# El Tiante Cigars Event



## maduromojo-cl (Dec 15, 2007)

Two Guys Smoke Shop in Nashua NH held an event with El Tiante Cigars. For Red Sox fans that name is associated with baseball legend Luis Tiant. Mr. Tiant was there signing autographs, taking photos, talking inside baseball, and, oh yeah, smoking El Tiante cigars. Basically, the afternoon was like having a smoke with your best friend. (If your friend made tasty cigars and was a Red Sox icon). I spoke with Kevin from El Tiante Cigars and he gave me the run down on their smokes. They're made by Tabacalera Tambor using selected tobacco leaves grown in Nicaragua, Ecuador, and Mexico. I was also happy to see they had boxes of their new Corojo wrapper which they recently debuted at the IPCPR Show. Kevin said they went over well at the show and it's their fullest smoke. Yes that's a box of Robuston Corojos in the pic. However, I smoked a Maduro Belicoso while I was there. It had an effortless draw and the taste got more flavorful as I smoked it. I'd say it was a mild/medium smoke. Smoke Magazine (Spring 2008) gave them a 9.0, although I think it was for their Natural wrapper belicoso. I also spoke with Daniel Tiant, President/CEO, and Luis' son. Daniel explained the respect he was taught by his Dad for honoring the family name. (Incidentally Luis' Dad was also a great pitcher for the New York Cubans.) Therefore, they want the best product out there and Luis has the final say on which blends become El Tiantes. He also wanted a reasonably priced cigar. I came away from the event thinking, here's a new cigar family that's down to earth and a class act. Aren't boutique brands great?

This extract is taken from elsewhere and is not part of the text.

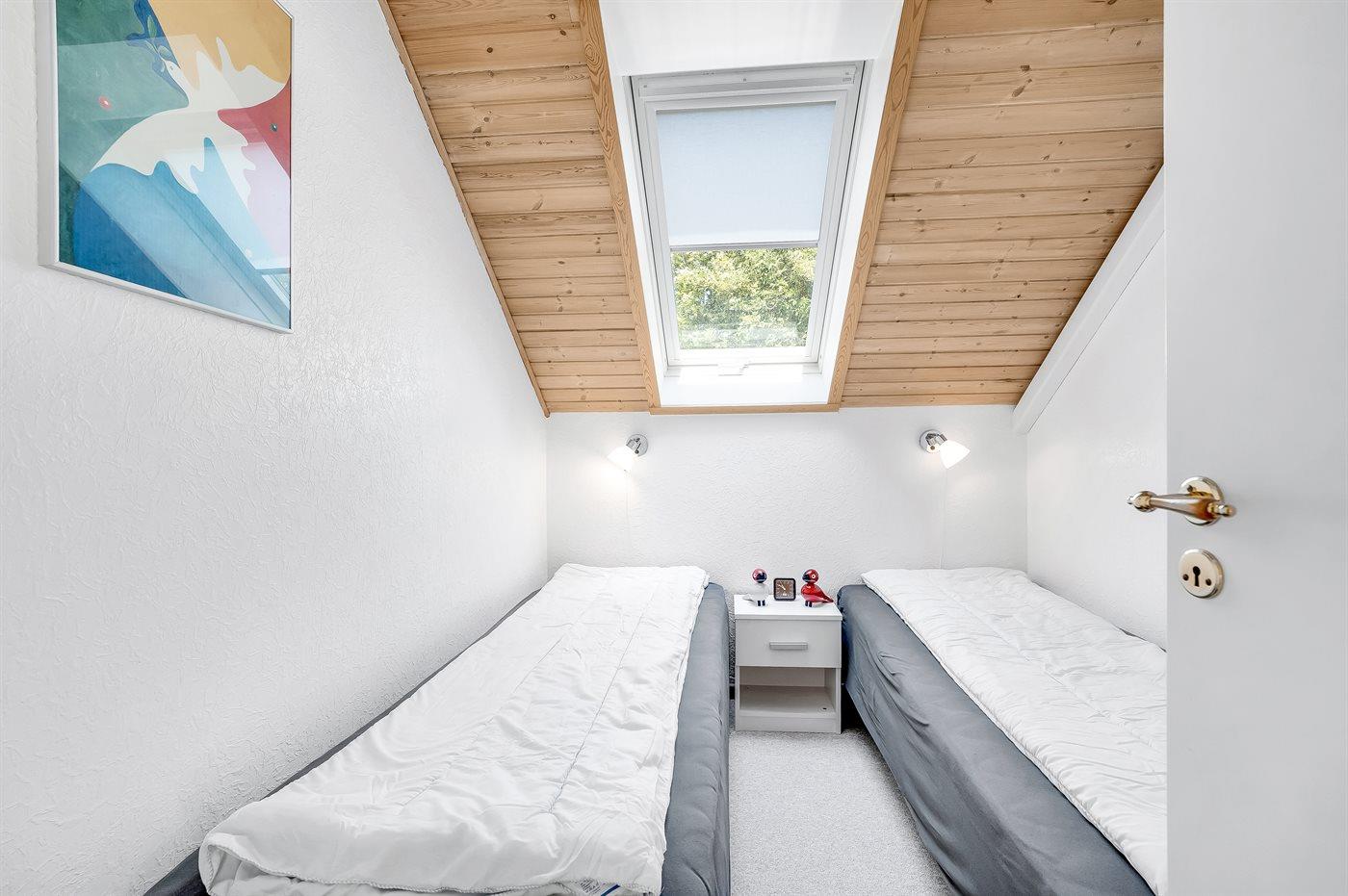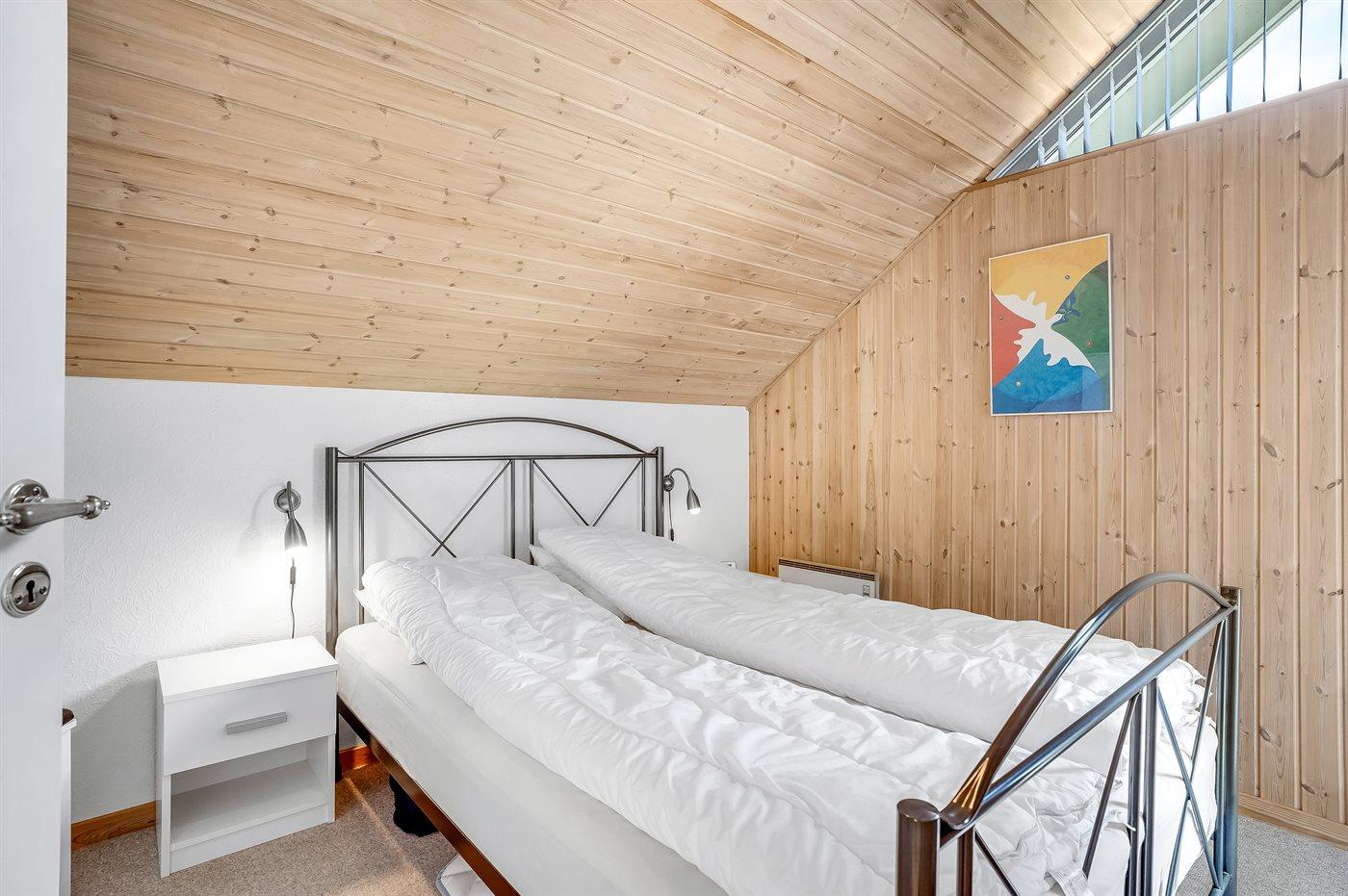 Der er i alt 2 soveværelser. Sovepladserne fordeler sig på: 2 sovepladser i dobbeltseng. 2 sovepladser i enkeltsenge. Derudover er der 1 stk. barneseng.

For Luis the Pitcher fans, the Farrelly Brothers ("Something about Mary") are doing a legit documentary on the Cuban born Tiant. They followed him for 12 months and interviewed a score of other players. I can hardly wait. Time to try that Corojo.

(By the way, the fat white dude is NOT Daniel Tiant!  )


----------



## DBCcigar (Apr 24, 2008)

Thanks for sharing that cool story! I'll have to try and get a hold of a few corojo!


----------



## happy1 (Jun 29, 2007)

Great pics!!


----------



## sofaman (Jun 20, 2007)

Good Times!!!


----------



## ngetal (Jul 6, 2008)

sounds like fun


----------



## big04deuce (May 16, 2008)

Awesome pics!!!


----------



## ronhoffman2-cl (Jun 8, 2008)

Where's the "fat" white dude that you speak of?


----------



## cdowden3691 (Nov 13, 2007)

Nice story. I've been able to sit down and throw a few back with some ex-Houston Astros over the years. Definitely memorable times... Just made me want to try an "El Tiante" Cigar.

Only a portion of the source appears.